* **Work task**
What you return must be the exact lines of the material below, from the first through the one that has "Step 3. The", with no pictures and, please, nothing else.

Content starts

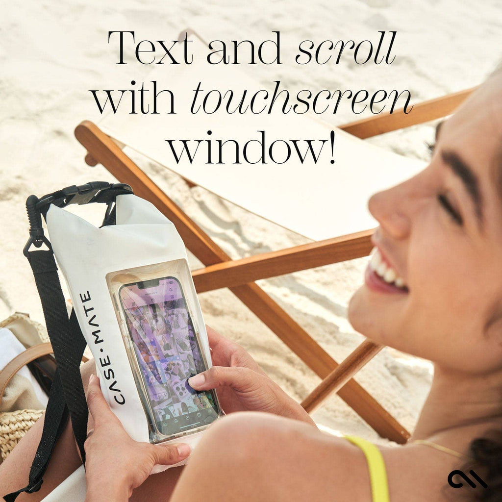 Keep your essentials dry with the Waterproof Mini Bucket Bag while at the beach, hitting the slopes, or on the lake! Confidently keep out water, snow, dust, sand, and dirt with the roll-top enclosure that ensures a perfect seal. With touchscreen access to your phone, you can check messages or notifications without removing your phone, making it easy to stay connected and protected. This perfect beach bag’s adjustable strap lets you carry your essentials in a variety of crossbody styles.
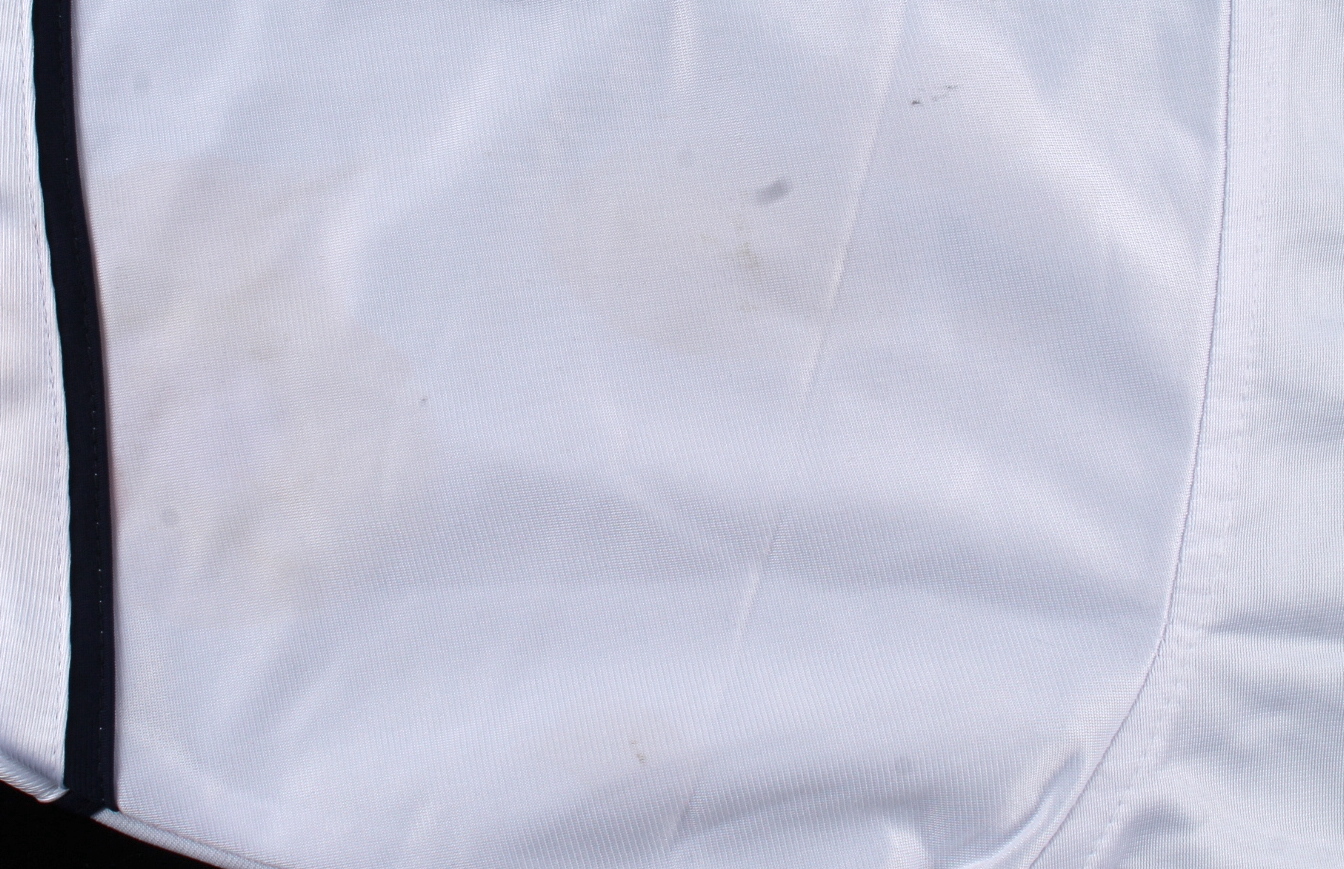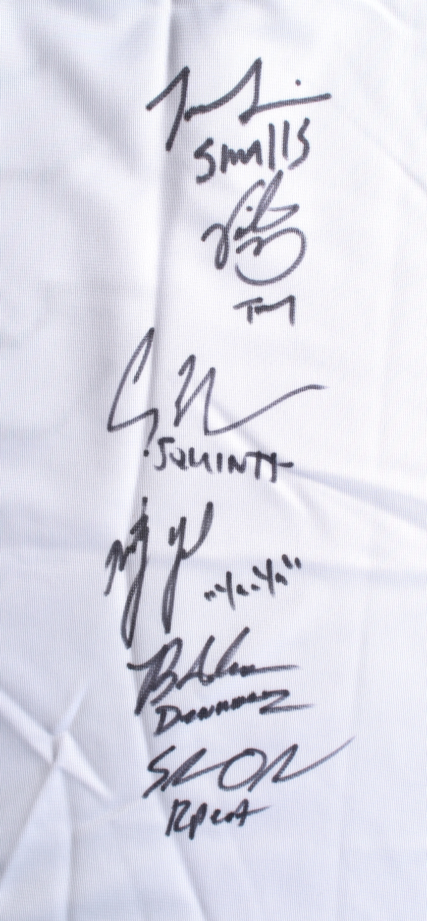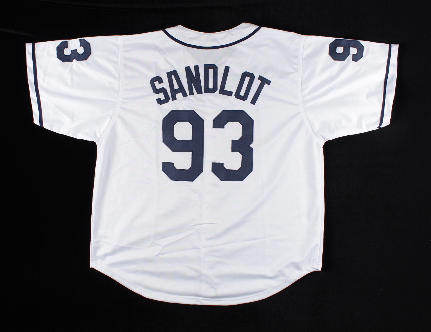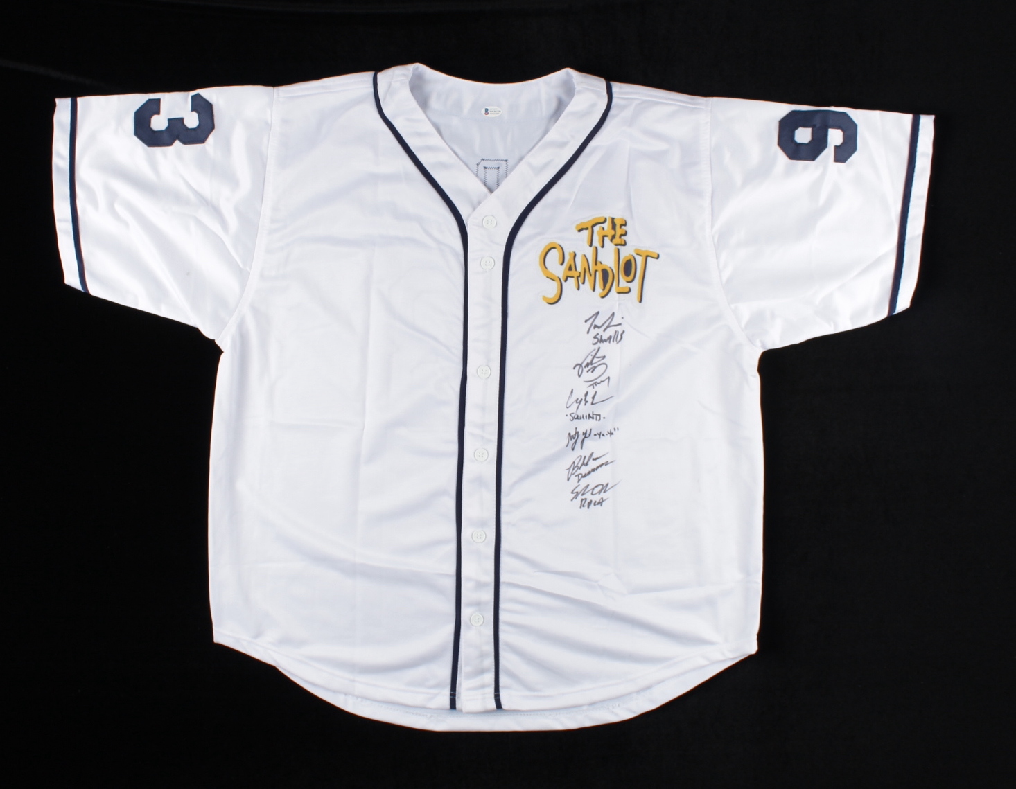 Custom on-field style jersey. Everything is sewn on, size XL. Hand-signed and inscribed by Tom Guiry ("Smalls"), Chauncey Leopardi ("Squints"), Marty York ("Yeah-Yeah"), Brandon Adams (Kenny DeNenez), Victor Di Mattia (Timmy Timmons), and Shane Obedzinski (Tommy "Repeat" Timmons). Please note, staining on the reverse left sleeve and front of jersey.
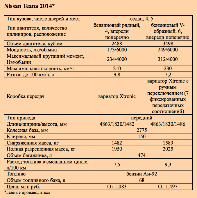 Технические характеристики Nissan Teana
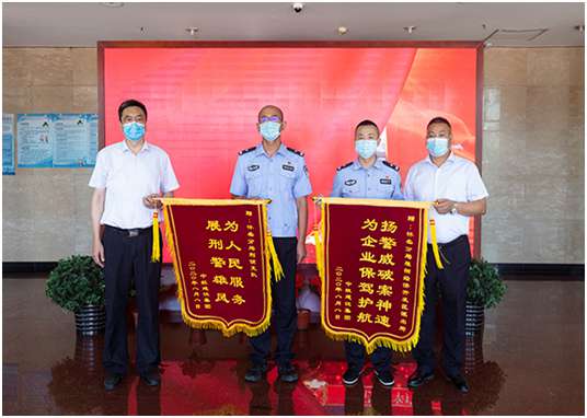 培训中心主任孔德明代表千亿手机站·网站官网-千亿(中国)向怀柔分局雁栖经济开发区派出所所长和怀柔分局刑侦支队支队长送上锦旗,代表公司感谢人民警察服务企业生产建设、守护一方平安付出的艰辛努力,感谢怀柔分局雁栖开发区派出所和怀柔分局刑侦支队急企业所急、想人民所想,在企业遇到困难时及时出警,有力保障了企业财产安全,维护了社会良好秩序,为企业发展创造了平安和谐的营商环境。
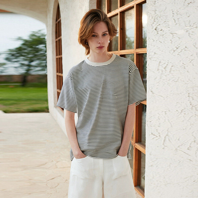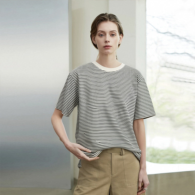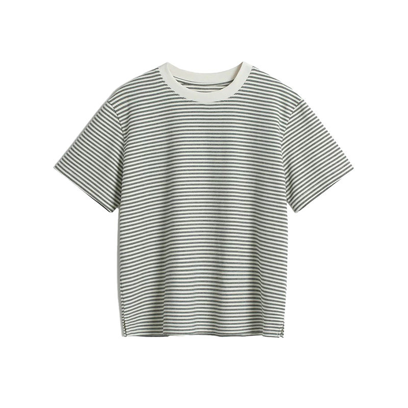 秋季新款圆领条纹短袖T恤女宽松显瘦百搭休闲上衣MXESS1695
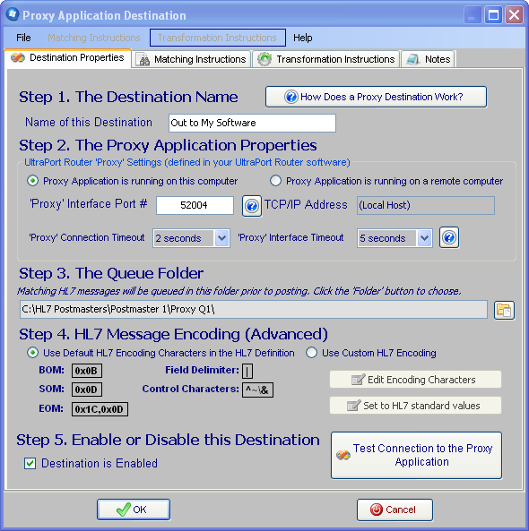 Step 3. The Queue Folder. Even if the Proxy Application at the other end of your destination is not running, the Postmaster will continue to deliver HL7 messages to it by "Queuing" up the messages in the Queue folder until the Proxy Application comes back online. Click the button to browse for the folder which the postmaster should use for this.
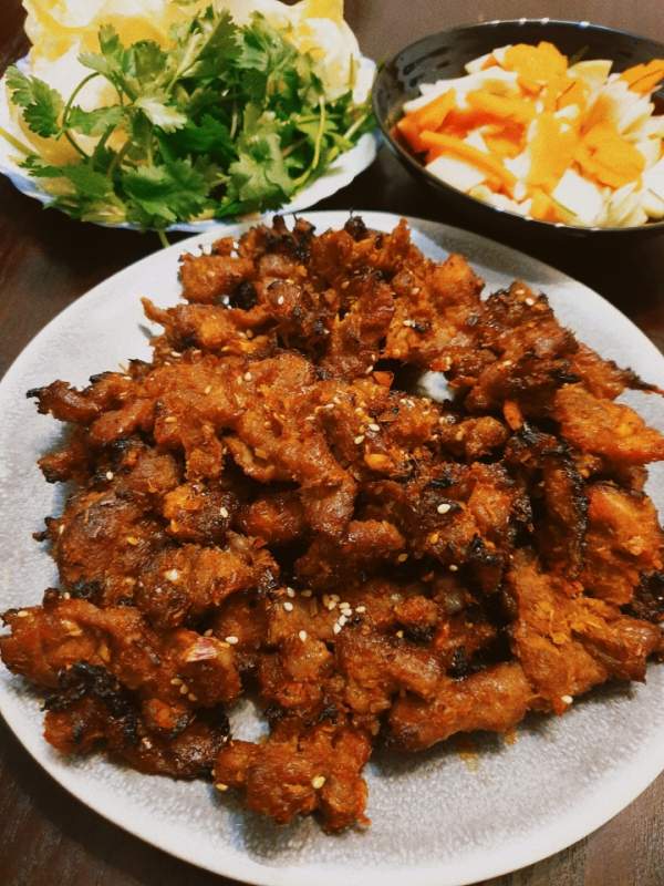 Không thể không nhắc đến những miếng thịt được ướp gia vị vàng ươm, nướng trên than hồng thơm nức mũi. Thịt sau khi chín không bị khô mà vẫn còn một lớp sốt sền sệt áo bên ngoài, cảm giác như gia vị ngấm vào từng thớ thịt, chỉ cần nhìn màu sắc cũng biết được chất lượng bên trong.

Content ends

* **Response**
 Keep your essentials dry with the Waterproof Mini Bucket Bag while at the beach, hitting the slopes, or on the lake! Confidently keep out water, snow, dust, sand, and dirt with the roll-top enclosure that ensures a perfect seal. With touchscreen access to your phone, you can check messages or notifications without removing your phone, making it easy to stay connected and protected. This perfect beach bag’s adjustable strap lets you carry your essentials in a variety of crossbody styles.
 Custom on-field style jersey. Everything is sewn on, size XL. Hand-signed and inscribed by Tom Guiry ("Smalls"), Chauncey Leopardi ("Squints"), Marty York ("Yeah-Yeah"), Brandon Adams (Kenny DeNenez), Victor Di Mattia (Timmy Timmons), and Shane Obedzinski (Tommy "Repeat" Timmons). Please note, staining on the reverse left sleeve and front of jersey.
 Технические характеристики Nissan Teana
 培训中心主任孔德明代表千亿手机站·网站官网-千亿(中国)向怀柔分局雁栖经济开发区派出所所长和怀柔分局刑侦支队支队长送上锦旗,代表公司感谢人民警察服务企业生产建设、守护一方平安付出的艰辛努力,感谢怀柔分局雁栖开发区派出所和怀柔分局刑侦支队急企业所急、想人民所想,在企业遇到困难时及时出警,有力保障了企业财产安全,维护了社会良好秩序,为企业发展创造了平安和谐的营商环境。
 秋季新款圆领条纹短袖T恤女宽松显瘦百搭休闲上衣MXESS1695
 Step 3. The Queue Folder. Even if the Proxy Application at the other end of your destination is not running, the Postmaster will continue to deliver HL7 messages to it by "Queuing" up the messages in the Queue folder until the Proxy Application comes back online. Click the button to browse for the folder which the postmaster should use for this.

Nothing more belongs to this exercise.